Aus den Vorständen ausgeschiedenen sind demnach in diesem Jahr die Personalchefinnen Regine Stachelhaus bei Eon, Luisa Deplazes Delgado bei SAP und Brigitte Ederer sowie Einkaufschefin Barbara Kux bei Siemens. Neu hinzugekommen ist nur Bettina Volkens bei der Lufthansa. Auch sie hat das Ressort Personal inne.

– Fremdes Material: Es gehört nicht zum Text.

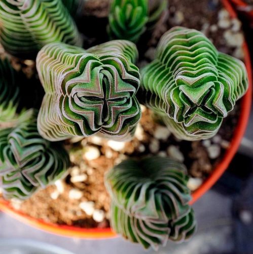 Crassula ‘Buddha’s Temple’ – ciekawy kultywar stworzony ze skrzyżowania gatunków Crassuli pyramidalis i Crassuli perfoliata var. minor. Grubosz ten to sukulent o gęsto ułożonych podwiniętych listkach których powierzchnia pokryta jest delikatnym meszkiem. Roślina tworzy miniaturowe kolumny dorastające zaledwie do 15 cm wysokości i 4 cm szerokości. Ma tendencje do krzewienia się tworząc u podstawy nowe odrosty. Wypełniona rozetkami doniczka wygląda niczym śliczny, miniaturowy las. Gdy Crassula ‘Buddha’s Temple’ zakwitnie, na szczycie rozetek pojawiają się w zwartych gronach drobniutkie, białoróżowe kwiaty.
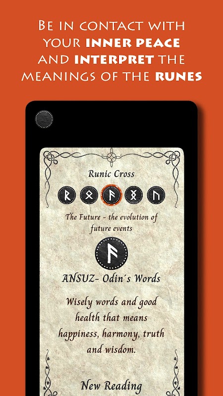 With this app you can be in contact with your inner peace and interpret the meanings of the runes readings. To improve your experience we designed the Runic Cross with an intuitive interface that allows you to immerse into the runic answers. This divination will bring the real message of Odin to your life.
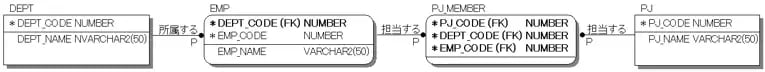 エンティティ名やアトリビュート名は論理モデルまではわかりやすい日本語にしていましたが、Oracle Database等の物理データベース上はアルファベットにするのが慣例です。そこで「顧客」を「EMP」、「顧客コード」を「EMP_CODE」など、アルファベットに変更します。
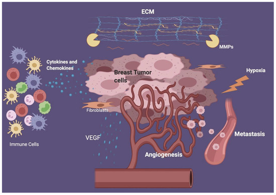 Apart from tumor cells present in breast cancer, the tumor microenvironment (TME) contains other cells such as fibroblasts and immune cells, extracellular matrix (ECM), blood vessels, and some signaling molecules [19]. TME is important for tumor angiogenesis, immune cells’ inhibition, escape from immune surveillance, as well as tumor proliferation and survival [7]. ECM plays a major role in breast cancer microenvironment, as it provides the physical support to solid tumors by its protein components such as collagen and proteoglycan. Additionally, ECM is rich in several growth factors that can regulate angiogenesis and inflammation [20]. In advanced stages, ECM becomes disrupted and dysregulated allowing tumor growth by metalloproteinases (MMPs), aiding in cells migration from or into the TME, and thus assisting tumor metastasis [21,22].
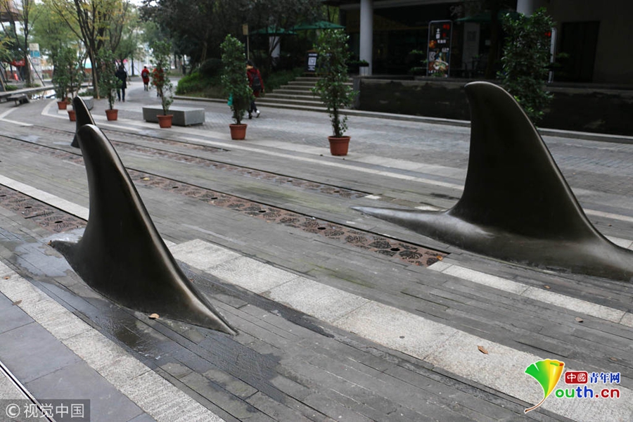 2018年11月20日,重慶一園區(qū)內(nèi)馬路中間突出一排“鯊魚鰭”,司機(jī)路人都被“嚇懵”了。突出的鯊魚鰭將兩側(cè)的車行道分開,原來,這是為了進(jìn)一步保證車流的有序進(jìn)出和行人過街安全,同時(shí)也為了防止亂停車占用人行道,設(shè)置了這種異形“隔離樁”。圖片來源:視覺中國
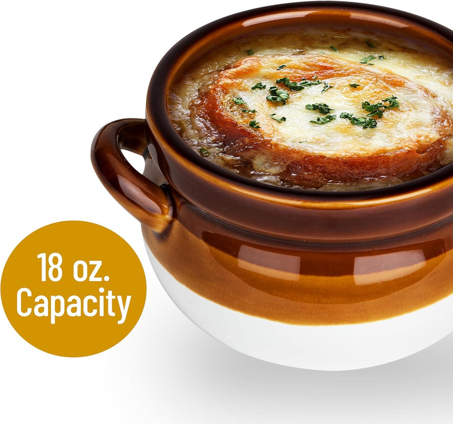 With their easy-to-carry handles, the crock set is designed for convenience, whether you're using them to heat up items in the microwave or oven. Made from high-quality ceramic, these crocks are durable, stackable, and dishwasher safe for easy cleaning and maintenance. Each crock bowl has an 18 oz capacity, making it an ideal serving size for soup, chili, or any other dish.
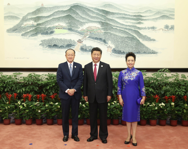 这是习近平和彭丽媛迎候世界银行行长金墉。新华社记者 庞兴雷 摄
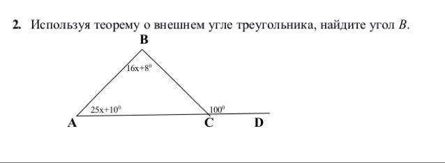 2.Используя теорему о внешнем угле треугольника, найдите угол В.

In den Aufsichtsräten der 30 Dax-Unternehmen stieg der Frauenanteil hingegen um 2,5 Punkte auf 21,9 Prozent. „Die Dax-30-Unternehmen sind auf einem guten Weg, die von der großen Koalition für das Jahr 2016 geplante Einführung einer verbindlichen Frauenquote bei den Neubesetzungen von Aufsichtsräten in Höhe von 30 Prozent umsetzen zu können“, sagte Holst.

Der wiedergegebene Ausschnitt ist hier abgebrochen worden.